Data entries:
━━━━

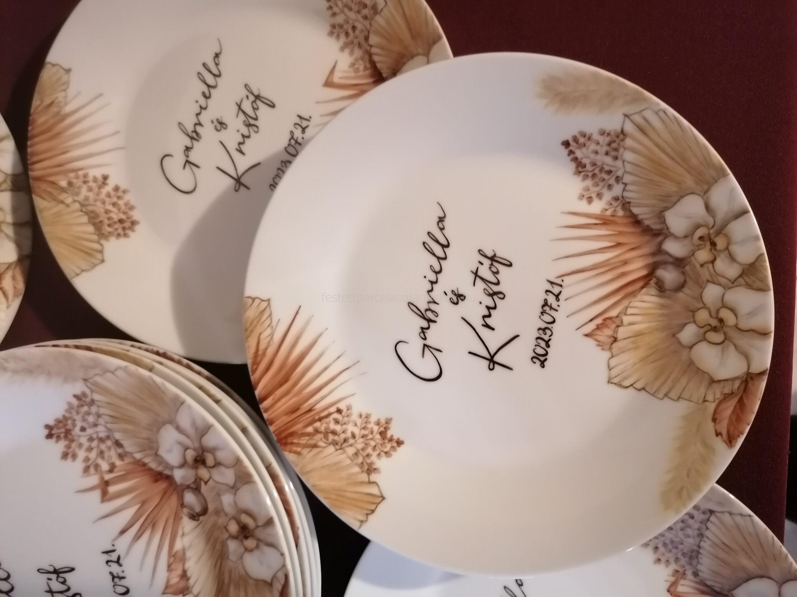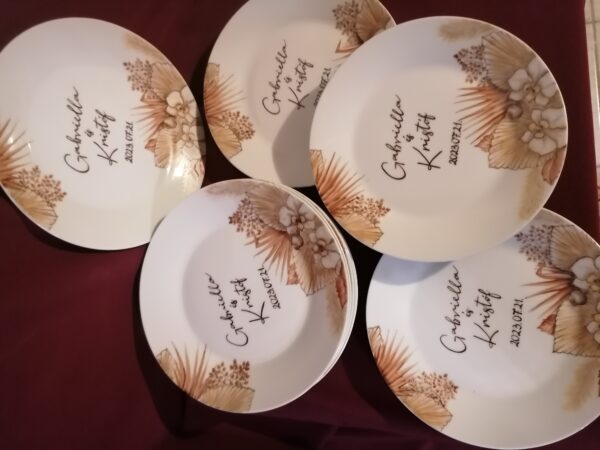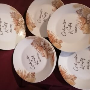 Esküvői köszönetajándék, egyedi mintával, tányérra, bögrére, és egyéb porcelánra is kérhető!
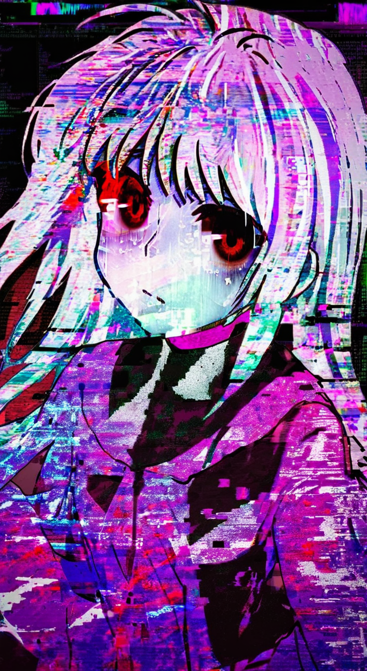 <lora:nfxlyria:1> nfxlyria, anime, glitch, glitchcore woman white hair red eyes
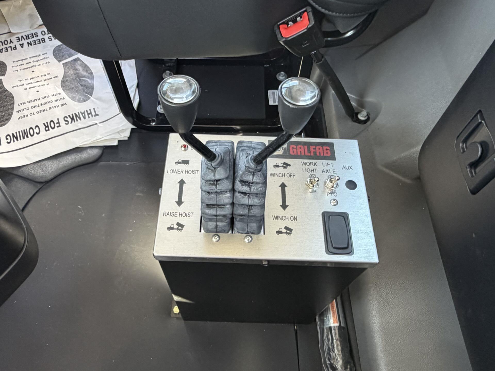 The Galfab Rolloff Body is a 60,000Lbs Cable Hoist, 23.3Ft frame length, with a Pioneer Electric Tarp.
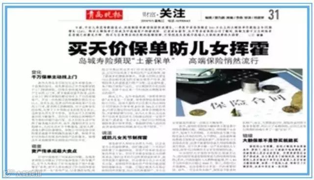 青岛一富豪签下天价保单,五年交费,年缴保费2亿元,共交10亿!据说这个富豪是经过和他的智囊团缜密研究后做出的购买决定,这个智囊谈包括专业的律师,会计师以及精算师。
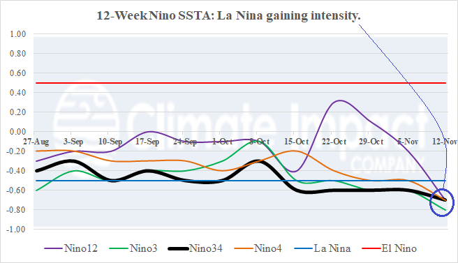 Fig. 1: The 12-week Nino SSTA trend indicating all within the La Nina threshold during the past week.
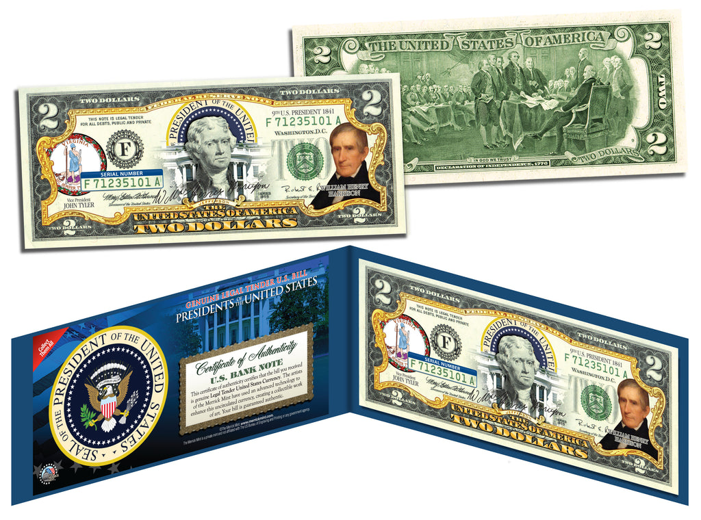 The PRESIDENT WILLIAM HENRY HARRISON uncirculated $2 Bill is Genuine Authentic Legal Tender of the United States, which has been enhanced with a beautiful colorized image of the President and the Seal of the State of his birthplace on the obverse of the bill. The full colorized images are accomplished through a revolutionary new authentic & genuine colorization process pioneered by The Merrick Mint. Included is a Certificate of Authenticity to guarantee that your bills are authentic and recognized by every monetary authority around the world, and assuring its Collector Edition status. Each $2 Bill is in FRESH, CRISP, UNCIRCULATED condition, and was directly removed from untouched wrapped Federal Reserve sealed packs. Former U.S. President Thomas Jefferson is featured on the obverse of the note, along with the special colorization overlay. The Signing of the Declaration of Independence by John Trumbull is featured on the reverse. It is the only U.S. Currency note that features two Presidents, John Adams and Thomas Jefferson, and it is one of the most rarely seen BILLS in circulation and actual use.

━━━━

__YOUR GOAL__: Copy the lines exactly. Start at the line with "Fig. 1: The", end at the last line above, include both, and omit all pictures.

__EXERCISE RESPONSE__:
 Fig. 1: The 12-week Nino SSTA trend indicating all within the La Nina threshold during the past week.
 The PRESIDENT WILLIAM HENRY HARRISON uncirculated $2 Bill is Genuine Authentic Legal Tender of the United States, which has been enhanced with a beautiful colorized image of the President and the Seal of the State of his birthplace on the obverse of the bill. The full colorized images are accomplished through a revolutionary new authentic & genuine colorization process pioneered by The Merrick Mint. Included is a Certificate of Authenticity to guarantee that your bills are authentic and recognized by every monetary authority around the world, and assuring its Collector Edition status. Each $2 Bill is in FRESH, CRISP, UNCIRCULATED condition, and was directly removed from untouched wrapped Federal Reserve sealed packs. Former U.S. President Thomas Jefferson is featured on the obverse of the note, along with the special colorization overlay. The Signing of the Declaration of Independence by John Trumbull is featured on the reverse. It is the only U.S. Currency note that features two Presidents, John Adams and Thomas Jefferson, and it is one of the most rarely seen BILLS in circulation and actual use.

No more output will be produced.